## RECORDED INFORMATION:
○ ○ ○
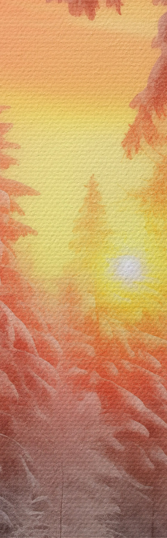 murales Un camino en el bosque de invierno, nieve, pinos, colores del atardecer s41639
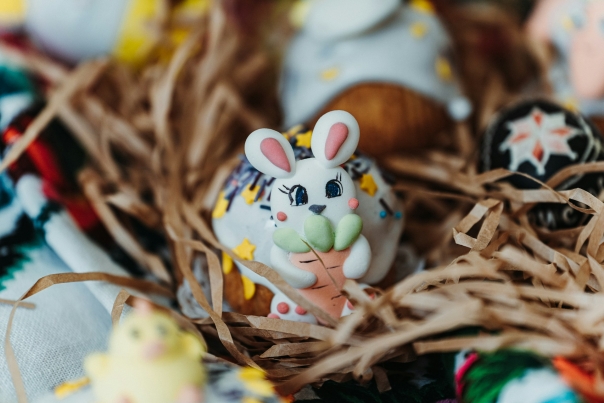 Sursa foto: https://unsplash.com/photos/a-bunny-figurine-sitting-on-top-of-a-pile-of-fake-eggs-9t1l8iKx1xA
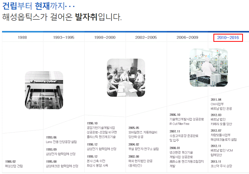 해성옵틱스는 모바일용 렌즈모듈, AF Actuator(VCM), 카메라모듈을 생산을 하는 기업입니다.
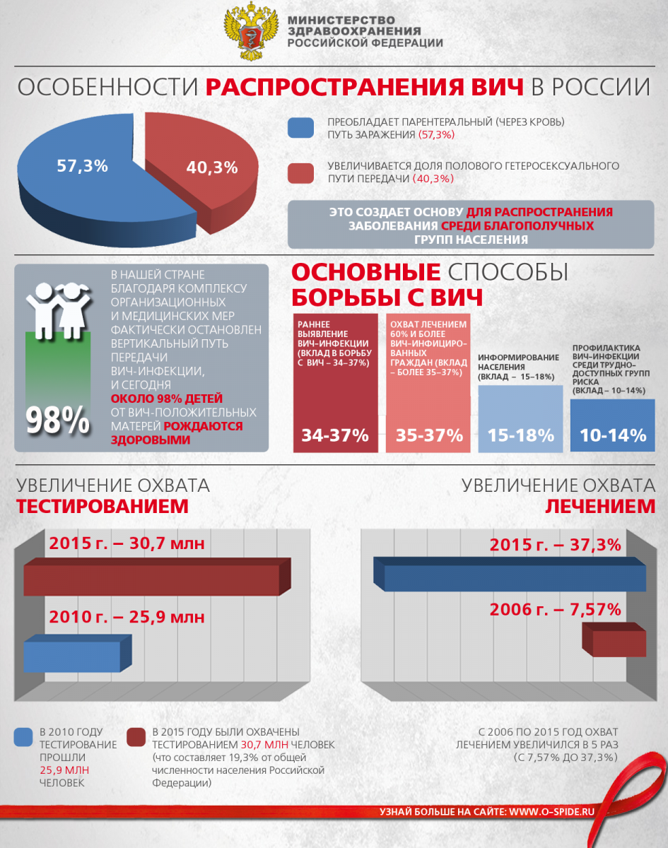Вирус иммунодефицита человека не передается в быту. Близкие, друзья, соседи и гости ВИЧ-позитивных не рискуют заразиться при условии соблюдения обыкновенных правил гигиены. ВИЧ передается только через кровь, сперму, влагалищные выделения и грудное молоко. Другие выделения организма – пот, слюна, моча, кал – не создают риска передачи ВИЧ-инфекции.
○ ○ ○
## TASK ITEM:
Please print everything in the material exactly, apart from the pictures.

## YOUR RESPONSE:
 murales Un camino en el bosque de invierno, nieve, pinos, colores del atardecer s41639
 Sursa foto: https://unsplash.com/photos/a-bunny-figurine-sitting-on-top-of-a-pile-of-fake-eggs-9t1l8iKx1xA
 해성옵틱스는 모바일용 렌즈모듈, AF Actuator(VCM), 카메라모듈을 생산을 하는 기업입니다.
Вирус иммунодефицита человека не передается в быту. Близкие, друзья, соседи и гости ВИЧ-позитивных не рискуют заразиться при условии соблюдения обыкновенных правил гигиены. ВИЧ передается только через кровь, сперму, влагалищные выделения и грудное молоко. Другие выделения организма – пот, слюна, моча, кал – не создают риска передачи ВИЧ-инфекции.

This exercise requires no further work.